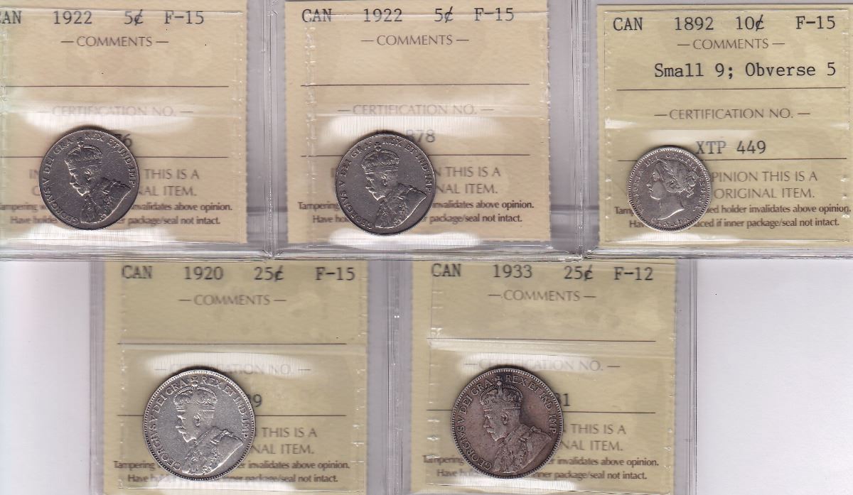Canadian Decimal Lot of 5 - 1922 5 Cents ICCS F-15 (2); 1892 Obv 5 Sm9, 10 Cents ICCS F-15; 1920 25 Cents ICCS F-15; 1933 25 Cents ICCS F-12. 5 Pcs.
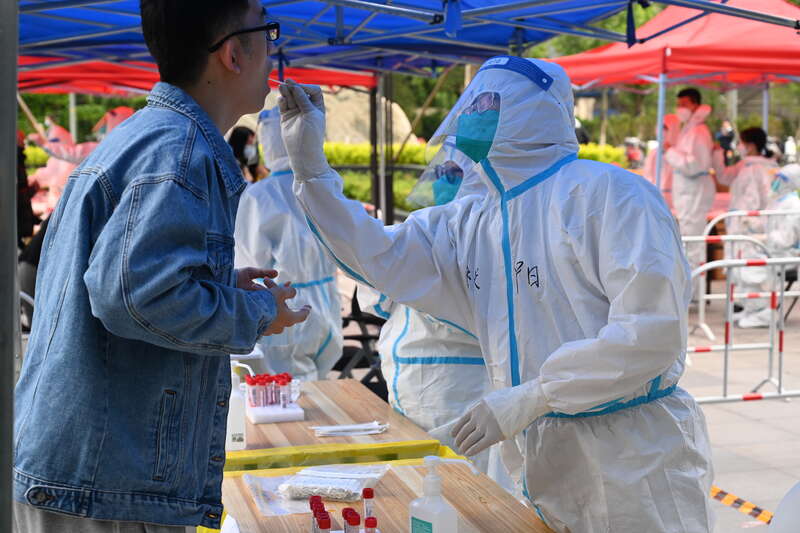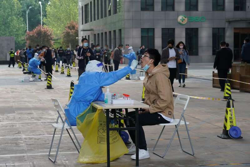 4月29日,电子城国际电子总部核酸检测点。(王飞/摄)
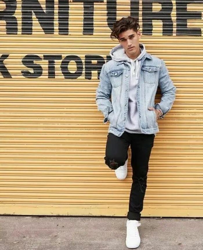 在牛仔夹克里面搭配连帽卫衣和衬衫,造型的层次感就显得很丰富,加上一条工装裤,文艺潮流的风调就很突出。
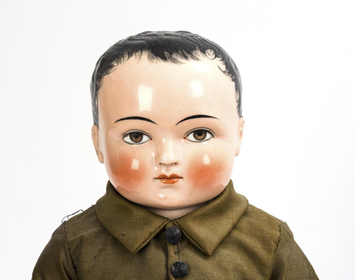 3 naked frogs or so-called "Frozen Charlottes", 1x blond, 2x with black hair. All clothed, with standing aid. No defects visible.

---

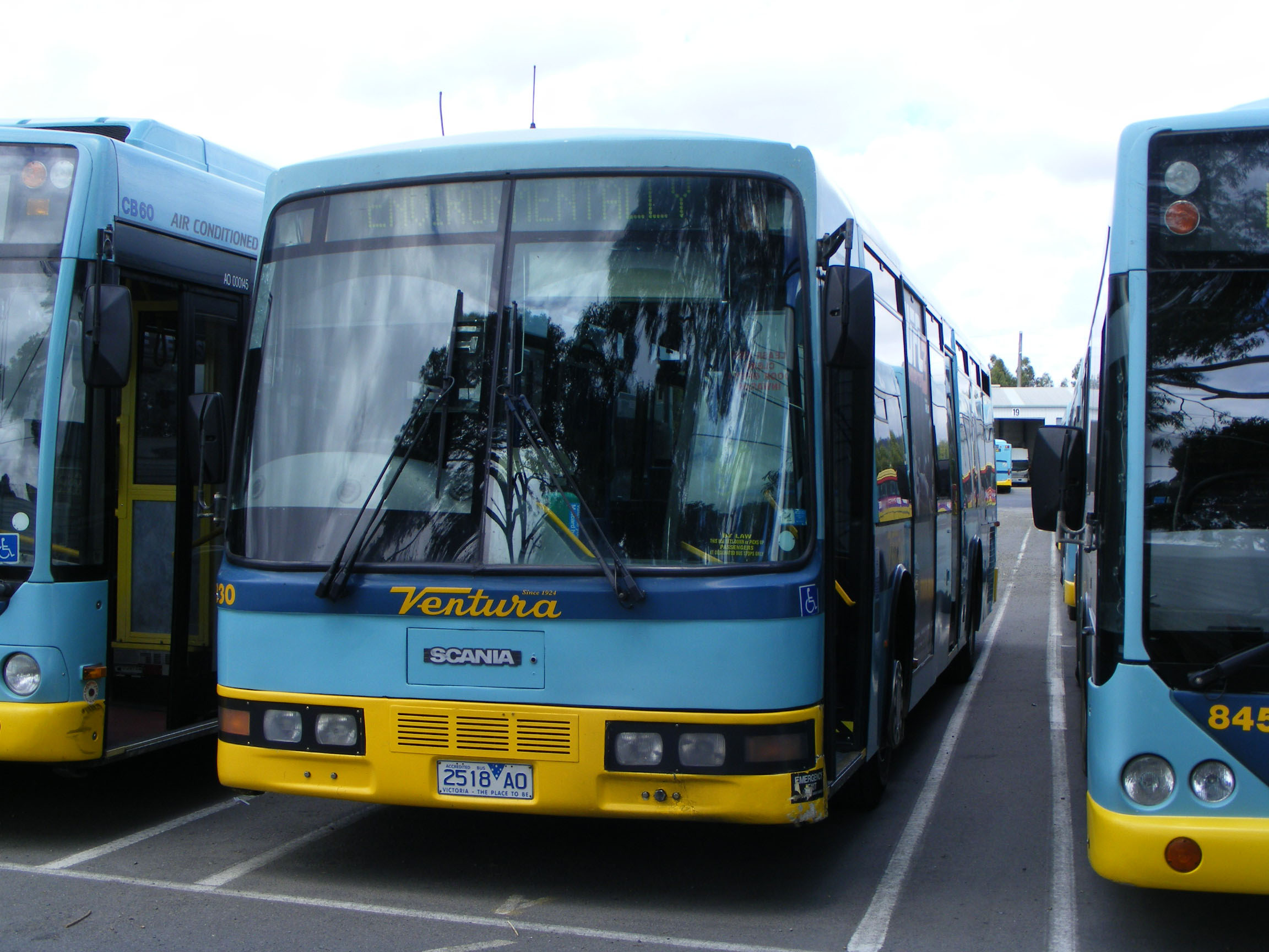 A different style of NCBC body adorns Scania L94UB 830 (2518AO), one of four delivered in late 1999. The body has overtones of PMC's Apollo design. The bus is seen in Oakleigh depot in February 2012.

* * *

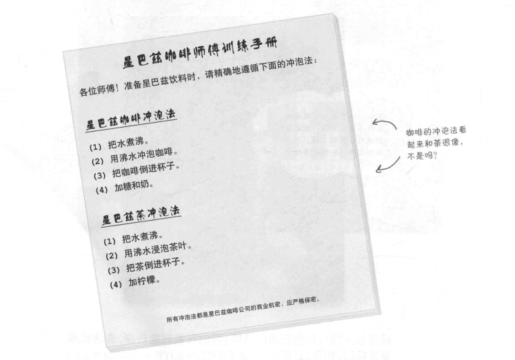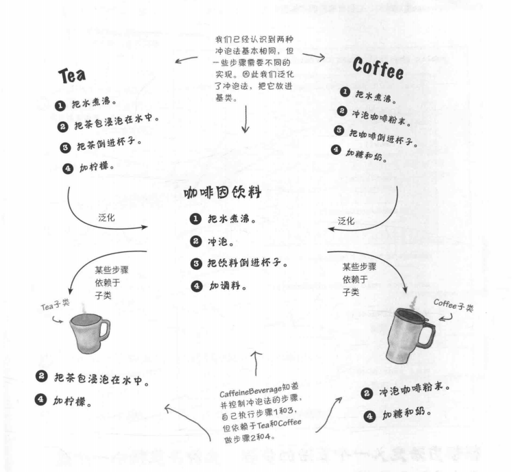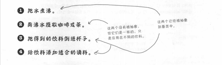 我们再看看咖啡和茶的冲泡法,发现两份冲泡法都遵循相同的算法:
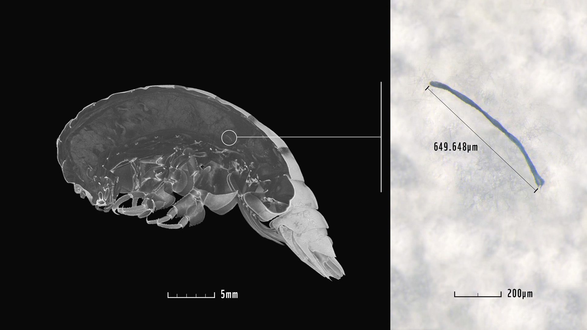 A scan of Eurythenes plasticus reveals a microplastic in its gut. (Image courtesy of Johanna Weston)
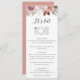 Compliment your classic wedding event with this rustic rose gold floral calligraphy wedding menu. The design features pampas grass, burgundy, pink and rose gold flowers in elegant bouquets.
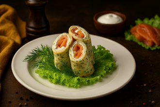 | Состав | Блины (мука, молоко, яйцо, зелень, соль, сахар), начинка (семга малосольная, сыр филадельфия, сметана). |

* **What to work on**
Within the listing above, the stretch from the line with "Canadian Decimal Lot" down to the line with "在牛仔夹克里面搭配连帽卫衣和" is to be given again exactly, end lines included and pictures excluded.

* **Answer to this exercise**
Canadian Decimal Lot of 5 - 1922 5 Cents ICCS F-15 (2); 1892 Obv 5 Sm9, 10 Cents ICCS F-15; 1920 25 Cents ICCS F-15; 1933 25 Cents ICCS F-12. 5 Pcs.
 4月29日,电子城国际电子总部核酸检测点。(王飞/摄)
 在牛仔夹克里面搭配连帽卫衣和衬衫,造型的层次感就显得很丰富,加上一条工装裤,文艺潮流的风调就很突出。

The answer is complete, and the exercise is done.